TASK OBJECTIVE
Exact reproduction required: the lines below from the line with "A highly sought" to the line with "You’ll see a", both ends included, and no others.

SUPPLIED DATA
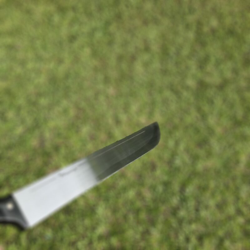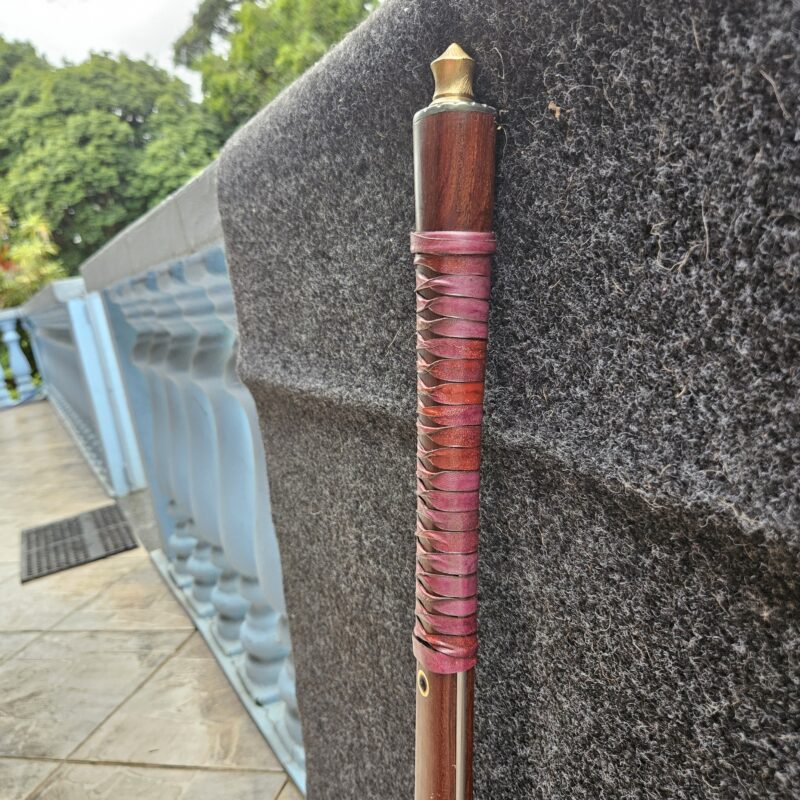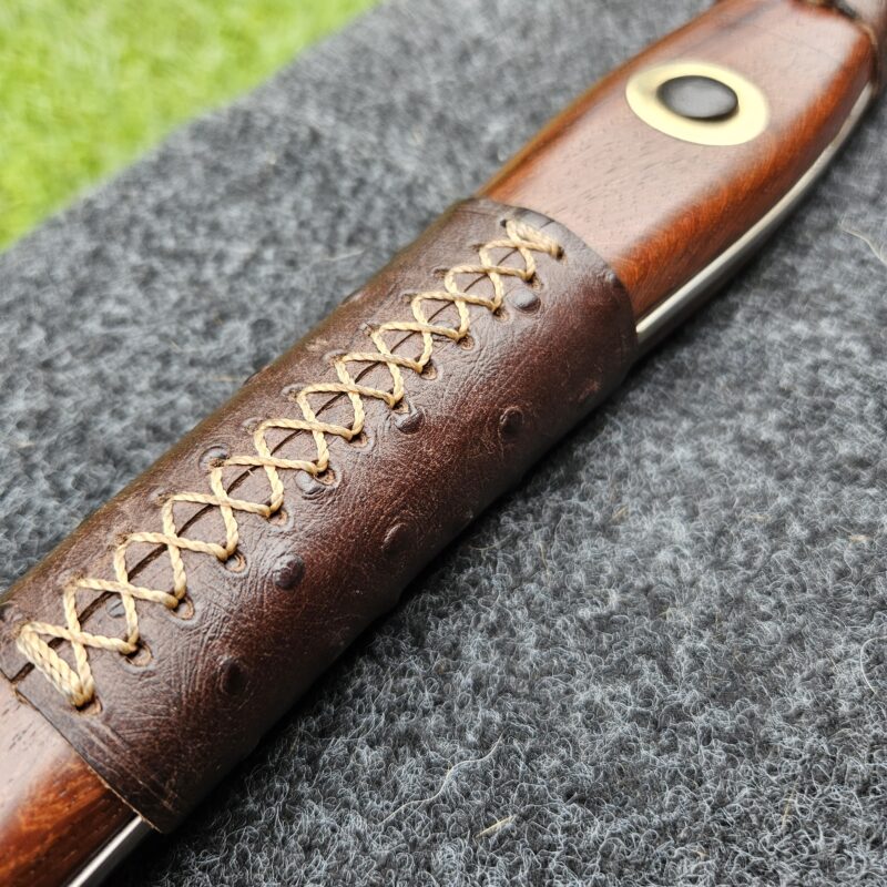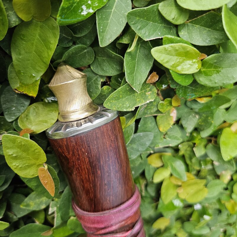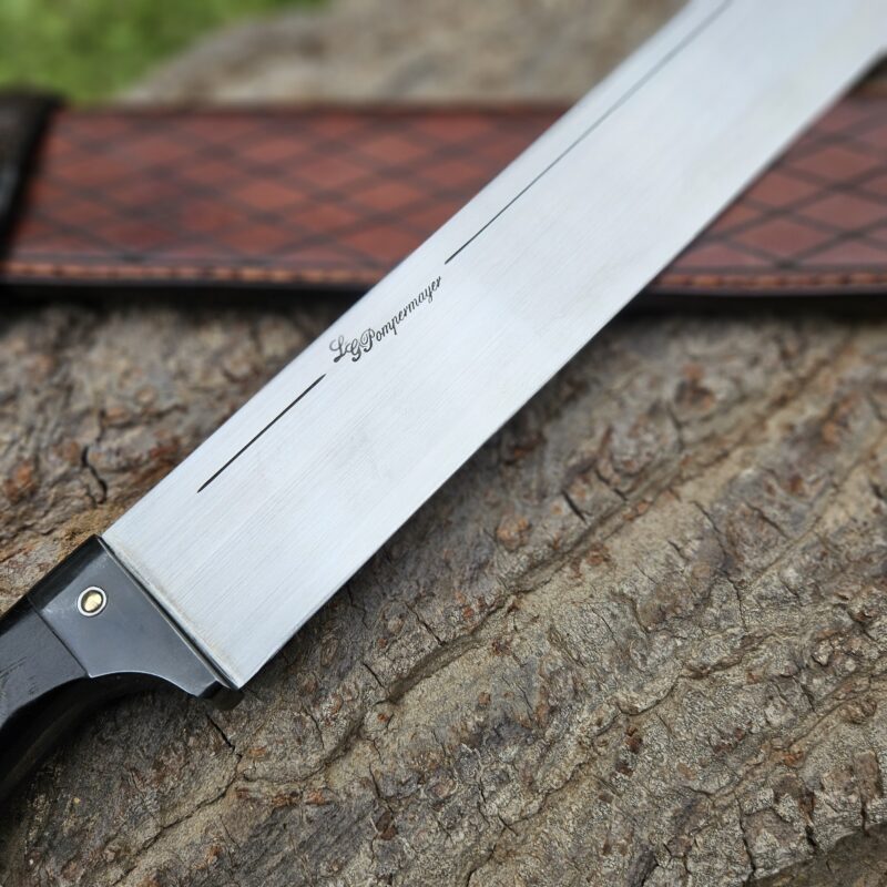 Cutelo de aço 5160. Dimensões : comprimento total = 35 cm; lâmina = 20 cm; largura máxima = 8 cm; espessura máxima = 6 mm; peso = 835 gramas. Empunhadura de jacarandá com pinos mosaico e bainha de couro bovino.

--

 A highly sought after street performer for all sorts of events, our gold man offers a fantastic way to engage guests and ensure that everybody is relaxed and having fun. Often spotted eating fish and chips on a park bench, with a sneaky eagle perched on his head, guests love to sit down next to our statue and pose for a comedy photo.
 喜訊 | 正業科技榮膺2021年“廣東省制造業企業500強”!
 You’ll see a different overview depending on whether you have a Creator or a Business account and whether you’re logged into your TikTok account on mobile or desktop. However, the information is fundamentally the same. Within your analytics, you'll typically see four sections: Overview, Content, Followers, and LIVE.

FINISHED TASK
 A highly sought after street performer for all sorts of events, our gold man offers a fantastic way to engage guests and ensure that everybody is relaxed and having fun. Often spotted eating fish and chips on a park bench, with a sneaky eagle perched on his head, guests love to sit down next to our statue and pose for a comedy photo.
 喜訊 | 正業科技榮膺2021年“廣東省制造業企業500強”!
 You’ll see a different overview depending on whether you have a Creator or a Business account and whether you’re logged into your TikTok account on mobile or desktop. However, the information is fundamentally the same. Within your analytics, you'll typically see four sections: Overview, Content, Followers, and LIVE.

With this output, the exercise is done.